The Nafusa Mountains (ⴰⴷⵔⴰⵔ ⵏ ⵉⵏⴼⵓⵙⵏ) (جبال نفوسة) is a mountain range in the western Tripolitania region of northwestern Libya. It also includes the regions around the escarpment formed where the northern end of the Tripolitanian Plateau meets the Mediterranean coastal plain or the Jefara.

==History==

=== Antiquity ===
The Nafusa Mountains supported agriculture without significant interruption from the pre-Roman period onward. Its rugged terrain, cut through by deep gorges and wadis, made it naturally defensible. The inhabitants managed water resources carefully, constructing wadi walls that enabled the cultivation of olives and grain. The population was originally entirely Berber, settled in nucleated communities rather than dispersed across the landscape, due to the region's water scarcity.
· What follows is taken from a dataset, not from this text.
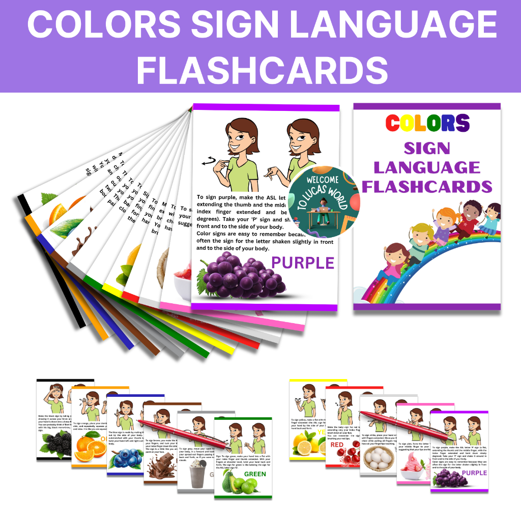 COLORS SIGN LANGUAGE FLASHCARDS ASL AMERICAN SIGN LANGUAGE FLASH

During the Roman imperial period, the Nafusa Mountains contained a number of agricultural settlements and fortified farms. The remains of mausolea (such as Henscir Suffit and Henscir al-Ausaf) and necropolises are also still visible today. Especially characteristic to this period are ashlar masonry structures, sculptural decoration on funerary monuments, and cisterns that Francesco Corò, who described the area in the 1920s, attributed to Roman agricultural activity. Roman period sites are distributed across the entire length of the Nafusa Mountains rather than being confined to its eastern portion alone. The road network remains poorly understood, as no milestones have been recovered within the mountain area itself, though milestones attesting to roads toward the pre-desert have been found south of Zintan. Latin inscriptions are rare, and have not been found further west than Qasr el-Gezira within the Jabal proper.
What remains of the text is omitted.